REQUIRED ACTION: Please reproduce the lines from the one containing "FUNKTION: Die banjado" through the end of the data below exactly as they stand, and omit all pictures.

^^^^^^^^

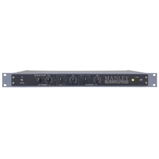 MID FREQUENCY ENHANCED PULTEC EQ (typ MEQ-5), szczególnie przydatny dla instrumentów skupionych w średnim paśmie takich jak gitary, wokale, harmonijki i skrzypce, posiada te same cechy i parametry, co nasza wersja „EQP-1A”. Różnice leżą w części pasywnej korektora: w MID EQ pokrętła DIP i PEAK działają na znacznie ostrzej nachylonych krzywych korekcji, skupionych na wybranych częstotliwościach, co daje realizatorowi-producentowi bardziej precyzyjną kontrolę nad niezwykle ważnym zakresem średnich tonów i sprawia, że urządzenie to jest niezastąpione dla realizatorów masteringu. MID EQ całkowicie wypełnia również luki częstotliwościowe pomiędzy sekcjami niskich i wysokich częstotliwości naszego korektora Enhanced Pultec EQP-1A; w ten sposób połączenie tych dwóch urządzeń zapewnia najbardziej elastyczną paletę możliwości do nagrywania lub masteringu.
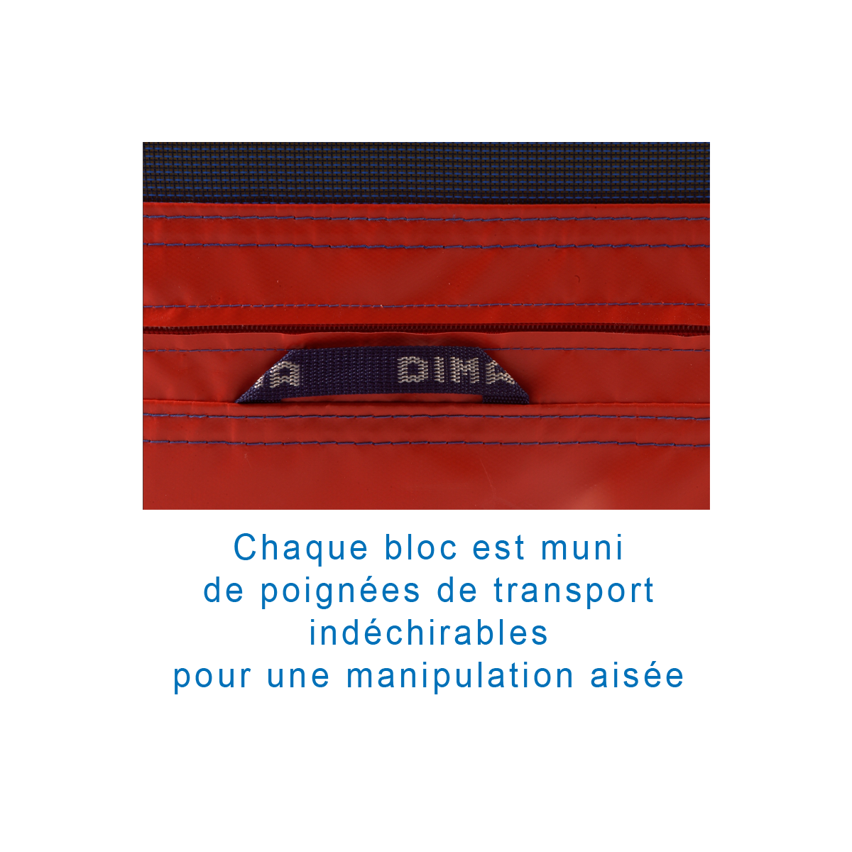 Composé de blocs aéromousse construits par assemblage de plaques et bandes de mousse polyuréthane grande qualité, de portances différentes. Ce concept exclusif DIMA permet des réceptions sécurisées et progressives quels que soient le poids de l'athlète et la hauteur de chute.
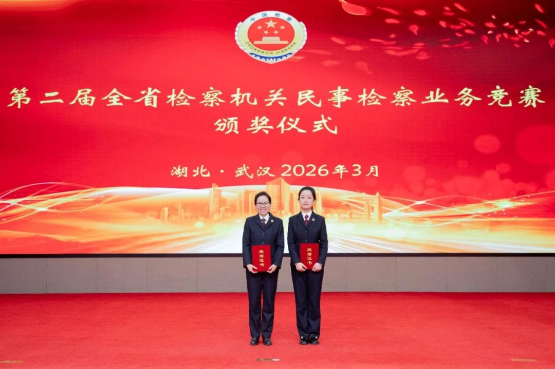 (通讯员 盛文军)近日,第二届全省检察机关民事检察业务竞赛圆满落幕。公司2005级员工、荆州市沙市区人民检察院民事行政检察部主任胡婷,凭借扎实的法律功底、过硬的实务能力与沉稳的临场发挥,与同事罗佳俐共同荣获“全省民事检察业务能手”称号。这一成绩在为检察事业增光添彩的同时,也展现了公司人才培养的扎实成效。
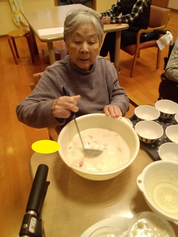 本日はおやつはフルーツ缶を使ったフルーチェです。
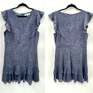 LOFT Lace Flutter sleeve blue tiered woman midi coquette feminine dress
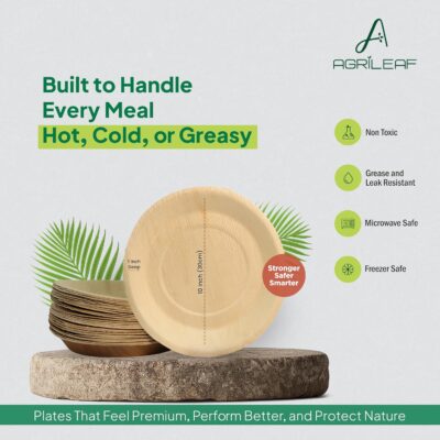 AGRILEAF 10″ Round Areca Palm Leaf Plates (48-Pack) are premium, natural disposable plates made from fallen areca palm leaves, making them eco-friendly, compostable, and plastic-free. Stronger and sturdier than paper and bagasse plates, they are designed to handle hot, cold, and oily foods without bending or leaking. These plates are microwave and freezer safe, offering added convenience for serving and reheating. Ideal for parties, events, weddings, festivals, and everyday use, AGRILEAF palm leaf plates provide a hygienic, use-and-throw dining solution while supporting a sustainable and environmentally responsible lifestyle.
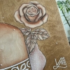 Author's technique on wood: pastel, acrylic, stain, coins.
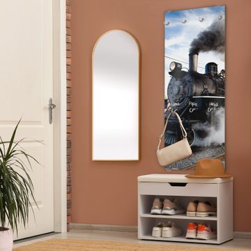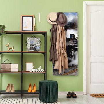 FUNKTION: Die banjado Wandgarderobe mit Motiv Dampflok ist Ihr täglicher Begleiter. Zuverlässig hängen hier Ihre Jacken und Mäntel griffbereit. Das Echtglas ist Ihr Paneel auch beschreibbar und wieder abwischbar. DESIGN: Sie erhalten eine Garderobenleiste aus elegantem Echtglas mit dem Farbbrillanten Motiv Dampflok hinterklebt. Das Design ist zeitlos klassisch, ohne dabei auf Funktionalität zu verzichten. Suchen Sie aus einer Vielzahl von Motiven das für Ihre Einrichtung Passende aus. DETAILS: Die Flurgarderobe besteht aus 4mm gehärtetem Sicherheitsglas. Sie ist 50cm breit, 125cm hoch und 6cm tief. Die Garderobenhaken zur Selbstmontage präsentieren sich in Edelstahl-Optik, ebenso die Abstandshalter für die Wandmontage. Ihre neue Garderobe ist sofort einsatzbereit. NUTZEN: Ihre neue Garderobe hält nicht nur zuverlässig Ihre Kleidung, sie ist auch optisch ein Blickfang. Durch das Glas können Sie an der Garderobe mit wasserlöslichen Kreidestiften oder Whiteboard-Markern auch Nachrichten hinterlassen. BANJADO: Wir sind ein kleines kreatives Team aus Sachsen und entwickeln Produkte die Design und Funktionalität verbinden sollen. Viel Freude mit Ihrer neuen Garderobe wünscht das banjado-Team!
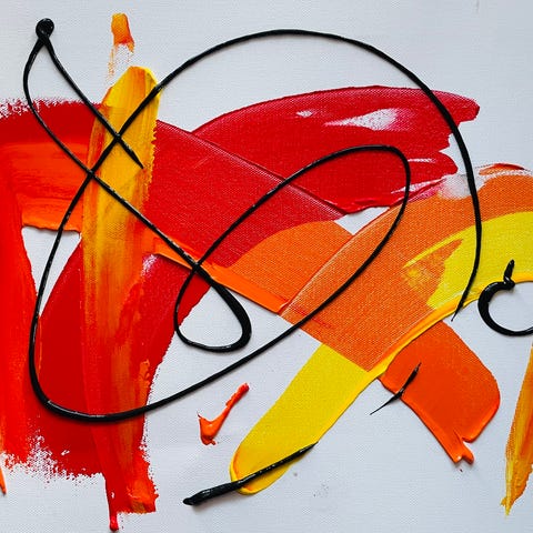 Abstrakt konstverk Motivet består av expressiva, svepande linjer i gult ovanpå en strukturerad bakgrund i flera färger. Tavlan är kvadratisk och visas här med en vit passepartout och svart ram, vilket ger en tydlig inramning av motivet. Passar som väggdekoration i till exempel vardagsrum, sovrum eller kontor. Säljes utan ram.
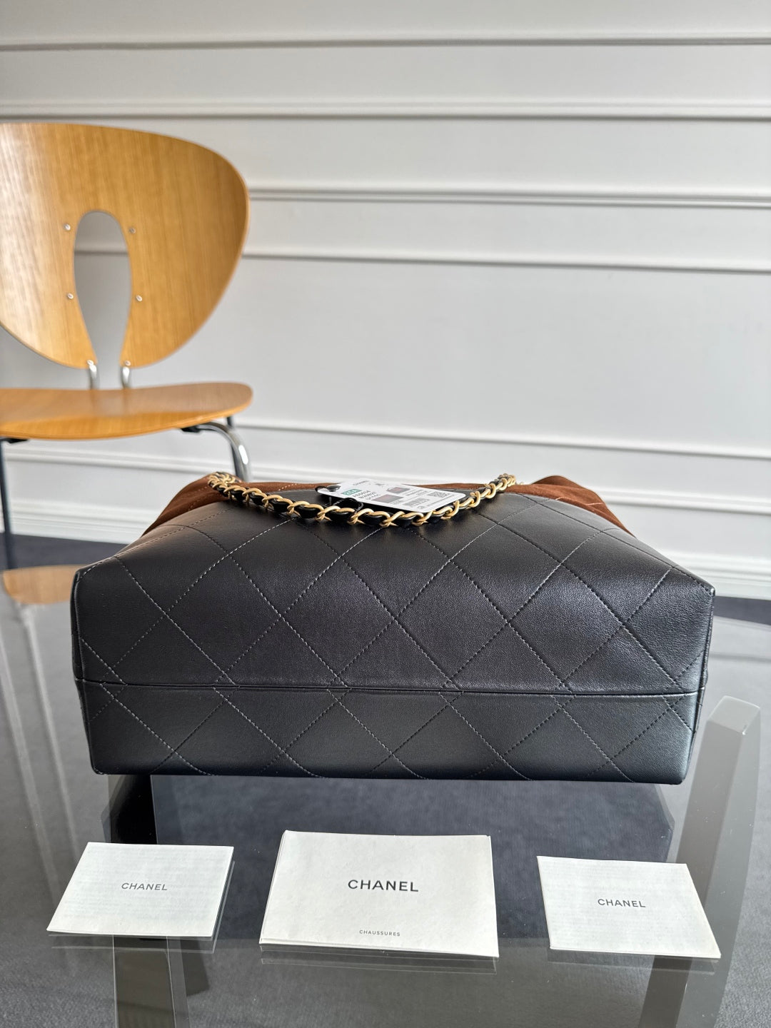 CC 25A Small Tote 36cm Chocolate Brown Suede Black Calfskin

^^^^^^^^

RESULT OF THIS EXERCISE:
 FUNKTION: Die banjado Wandgarderobe mit Motiv Dampflok ist Ihr täglicher Begleiter. Zuverlässig hängen hier Ihre Jacken und Mäntel griffbereit. Das Echtglas ist Ihr Paneel auch beschreibbar und wieder abwischbar. DESIGN: Sie erhalten eine Garderobenleiste aus elegantem Echtglas mit dem Farbbrillanten Motiv Dampflok hinterklebt. Das Design ist zeitlos klassisch, ohne dabei auf Funktionalität zu verzichten. Suchen Sie aus einer Vielzahl von Motiven das für Ihre Einrichtung Passende aus. DETAILS: Die Flurgarderobe besteht aus 4mm gehärtetem Sicherheitsglas. Sie ist 50cm breit, 125cm hoch und 6cm tief. Die Garderobenhaken zur Selbstmontage präsentieren sich in Edelstahl-Optik, ebenso die Abstandshalter für die Wandmontage. Ihre neue Garderobe ist sofort einsatzbereit. NUTZEN: Ihre neue Garderobe hält nicht nur zuverlässig Ihre Kleidung, sie ist auch optisch ein Blickfang. Durch das Glas können Sie an der Garderobe mit wasserlöslichen Kreidestiften oder Whiteboard-Markern auch Nachrichten hinterlassen. BANJADO: Wir sind ein kleines kreatives Team aus Sachsen und entwickeln Produkte die Design und Funktionalität verbinden sollen. Viel Freude mit Ihrer neuen Garderobe wünscht das banjado-Team!
 Abstrakt konstverk Motivet består av expressiva, svepande linjer i gult ovanpå en strukturerad bakgrund i flera färger. Tavlan är kvadratisk och visas här med en vit passepartout och svart ram, vilket ger en tydlig inramning av motivet. Passar som väggdekoration i till exempel vardagsrum, sovrum eller kontor. Säljes utan ram.
 CC 25A Small Tote 36cm Chocolate Brown Suede Black Calfskin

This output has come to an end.